> **REQUIREMENT**: For this task, output exactly the lines of the material below starting at the line with "Asian businesswoman is" and ending at the line with "Make a statement"; pictures are to be excluded.

> **THE DATA**:
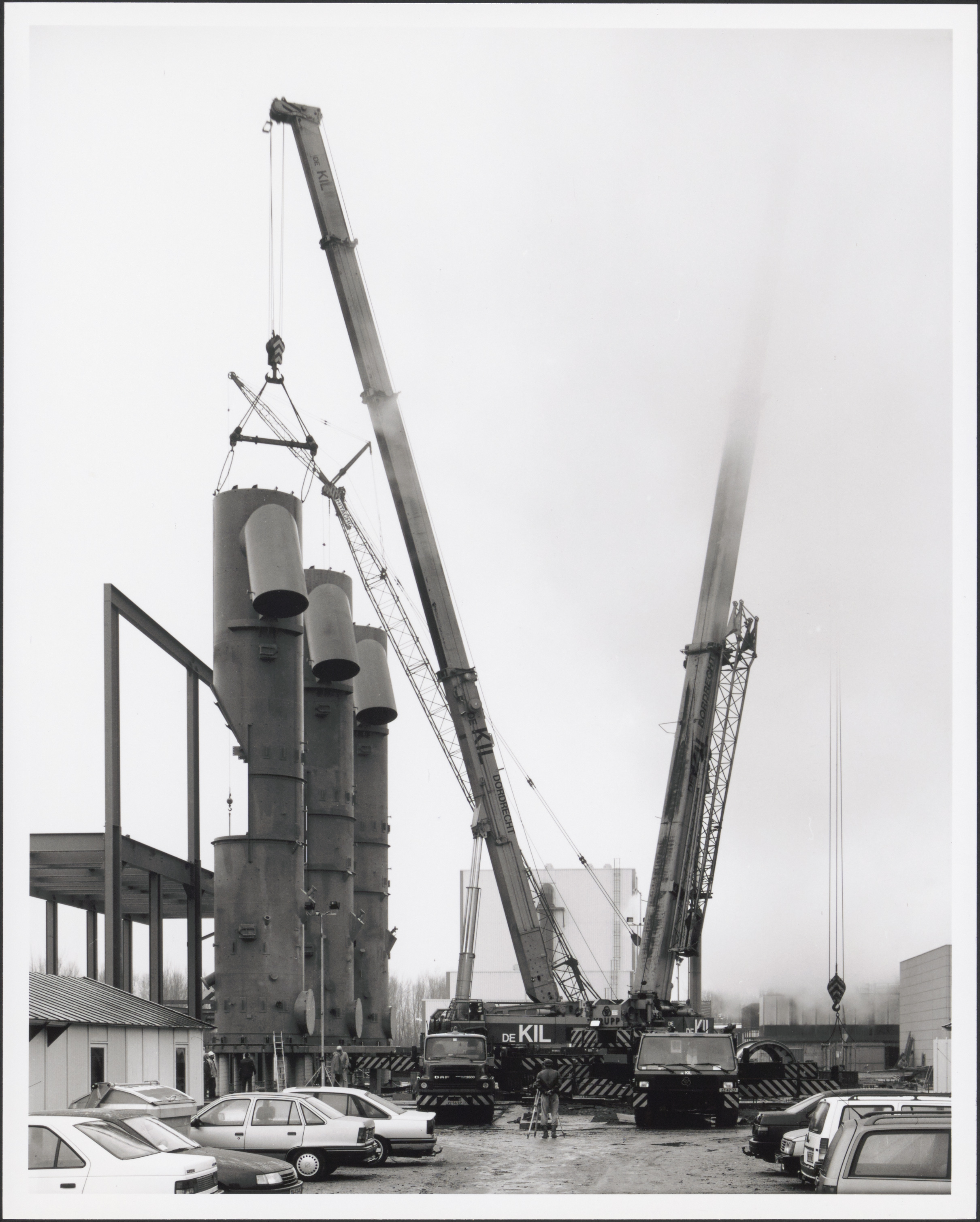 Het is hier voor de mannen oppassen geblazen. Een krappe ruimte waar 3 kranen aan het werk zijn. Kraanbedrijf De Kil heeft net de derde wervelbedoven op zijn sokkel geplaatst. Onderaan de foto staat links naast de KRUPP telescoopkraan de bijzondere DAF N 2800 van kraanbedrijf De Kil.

* * *

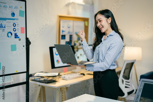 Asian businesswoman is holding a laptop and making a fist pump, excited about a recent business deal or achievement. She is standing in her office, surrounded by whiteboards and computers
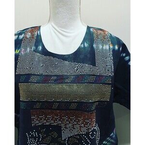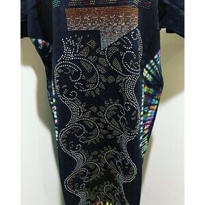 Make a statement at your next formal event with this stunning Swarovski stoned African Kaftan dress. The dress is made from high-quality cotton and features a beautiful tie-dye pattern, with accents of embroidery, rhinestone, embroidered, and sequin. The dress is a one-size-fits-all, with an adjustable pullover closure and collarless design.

> **WRITTEN REPLY**:
 Asian businesswoman is holding a laptop and making a fist pump, excited about a recent business deal or achievement. She is standing in her office, surrounded by whiteboards and computers
 Make a statement at your next formal event with this stunning Swarovski stoned African Kaftan dress. The dress is made from high-quality cotton and features a beautiful tie-dye pattern, with accents of embroidery, rhinestone, embroidered, and sequin. The dress is a one-size-fits-all, with an adjustable pullover closure and collarless design.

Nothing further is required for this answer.